When their children move on, many middle-aged couples find it hard to adjust. Just ask Edie Boyd; her life becomes a mess of confusion, longing and anxiety when twenty-two-year-old Ben, the last of her three grown children, leaves home. He's gone to live with his girlfriend in Walthamstow, just a few train stops away, but as far as Edie is concerned, it might as well be Mongolia.
Russell, Edie's husband, is secretly relieved Ben has left and hopes they will finally be able to have some quality married-time. He thinks Edie is overreacting, and he tells her that it
is now a perfect opportunity for her to reconnect with her acting career. Edie, however, is not so convinced, and tells her sister, Vivien, that she "can't go from longing for Ben to be back to playing being just married all over again in a single seamless movement."
Edie's children Matthew, Rosa and Luke, are equally in distress: Matthew, the eldest, worries about money, and his relationship with his yuppie girlfriend Ruth is strained over her decision to buy an expensive and glamorous flat near the Tate Modern, which he can't afford. Rosa has failed to find absorbing employment, botched her efforts to sustain a romantic relationship, and also neglected to gain exactly the kind of control over her life that she had assumed to be an automatic part of growing up. And Ben,
in the process of leaving home, has ultimately discovered that living in a flat with his girlfriend's rigid mother isn't exactly what he had expected.
All are dealing with difficulties of one kind or another, rendering them tired and preoccupied. So it comes to no surprise to Russell that, one-by-one, they beg to come home, determined to drag their physical and emotional baggage behind them. Adding to the mix is Lazlo, a stray twenty-something waif who looks like "the boy in the fairy tale," rescued by Edie, "the genial giant," whom he meets while she is appearing as Mrs. Alving in a North London production of Ghosts.
Times obviously change, and returning home to their childhood nest doesn't exactly work out as expected. Squabbles erupt over rent money, housework goes unattended, and grocery shopping is neglected. Edie is confused at having her children home again;
it is so unlike the rapture she had anticipated. And for Ben, the household has no coherence about it anymore. Instead of feeling like a unit, it feels like a collection of people living together without any real binding sense of unity.

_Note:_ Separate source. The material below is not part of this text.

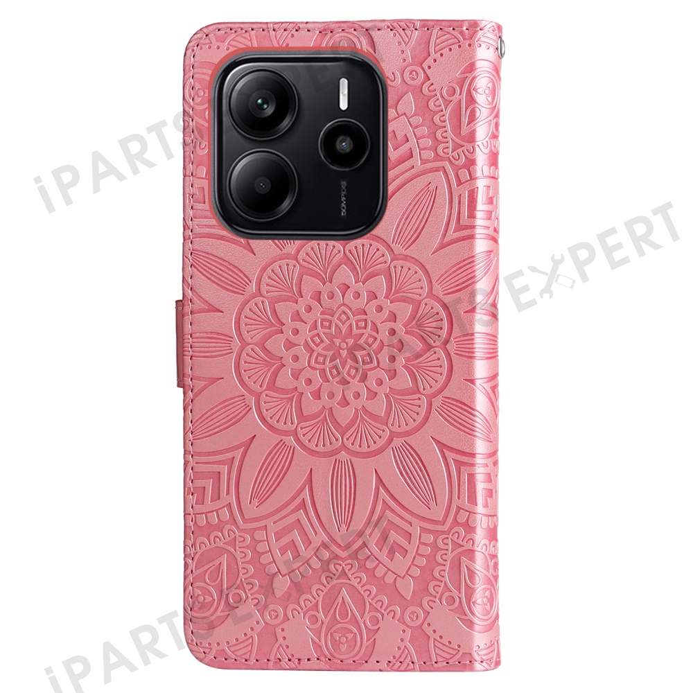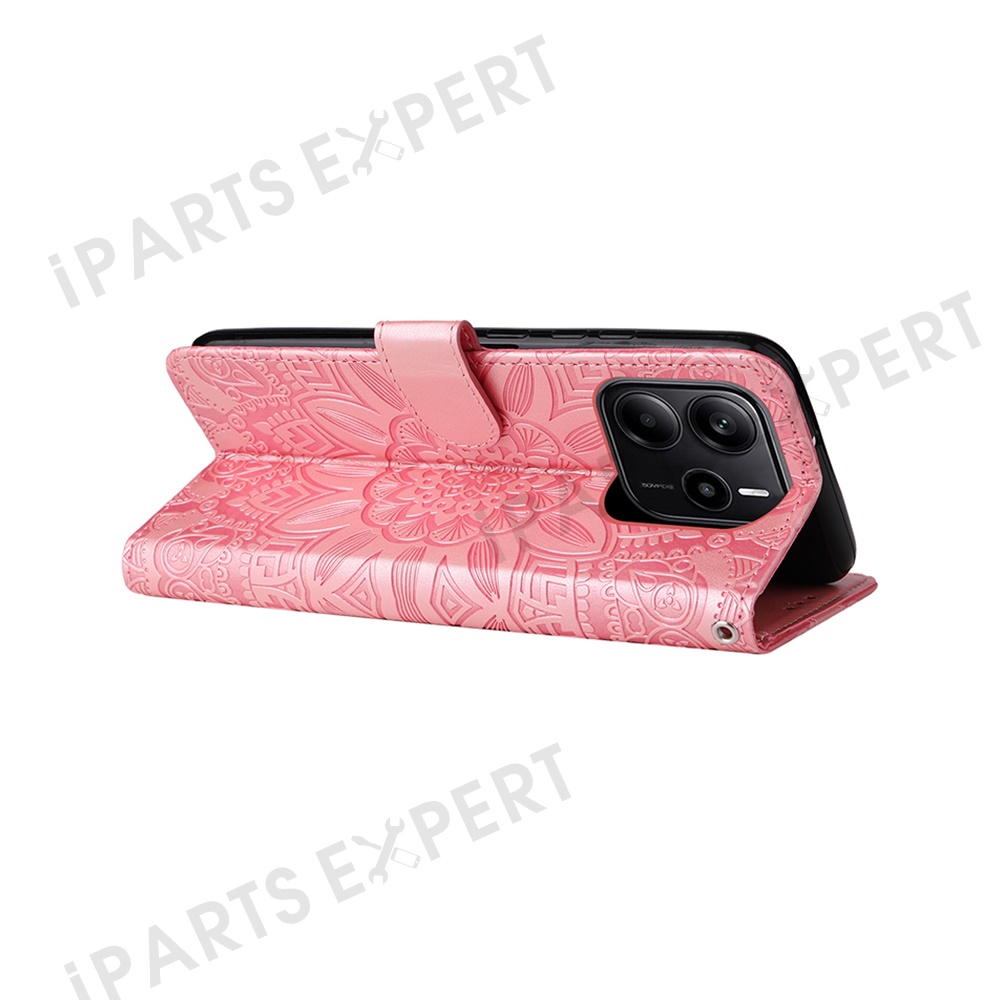 For Xiaomi Redmi Note 14 4G (163.25mm) Case Sunflower Imprint Leather Wallet Phone Cover - Pink

The charm of the novel is author Joanna Trollope's astute portrayal of such a kind, loving and eccentric family as they navigate the unsteady waters of family loyalty, duty and domesticity. Russell, a left-wing actor's agent, has a sensible outlook on family life, while the neurotic Edie sees herself as a "jobbing actress up for anything as long as it will fit around the children."
She has spent her life trundling along, trying to manage their rickety house and providing for her kids, yet also wishing for more. Russell is the interested observer in the dilemma that Edie must face. She
has spent her life being a martyr to the joys motherhood, with her children at the center of the debate. He worries that she been changed by all those years of nurture, and that she won't "remember how it was to be just married, and how it was to want to be married."
Trollope skillfully mines the issues and agendas of marriage at middle age, skewing the needs, wants and desires of this very ordinary family, She also manages to breathe so much life into her characters, especially the unmoored Edie, a woman on the cusp of middle-age reaching for one more bow in the spotlight of regional theatre; Russell is equally as fascinating, the stolid, dependent husband certain in his beliefs that when one leaves home, one must not come back.
The drama comes from the difficult choices and the quiet domestic agendas the Boyd family must face. As the kids muddle through their own personal and professional lives, they are forced to confront these "shapeless days" where most moral codes are "an unsure matter of personal choice." Trollope is a sharp observer of human nature, and she manages to encapsulate all of her characters desires and insecurities, providing a portrait of a social class somewhat at a loss in modern life, desperately searching for answers and support in a world where "it's not change that's so painful, it's getting used to it."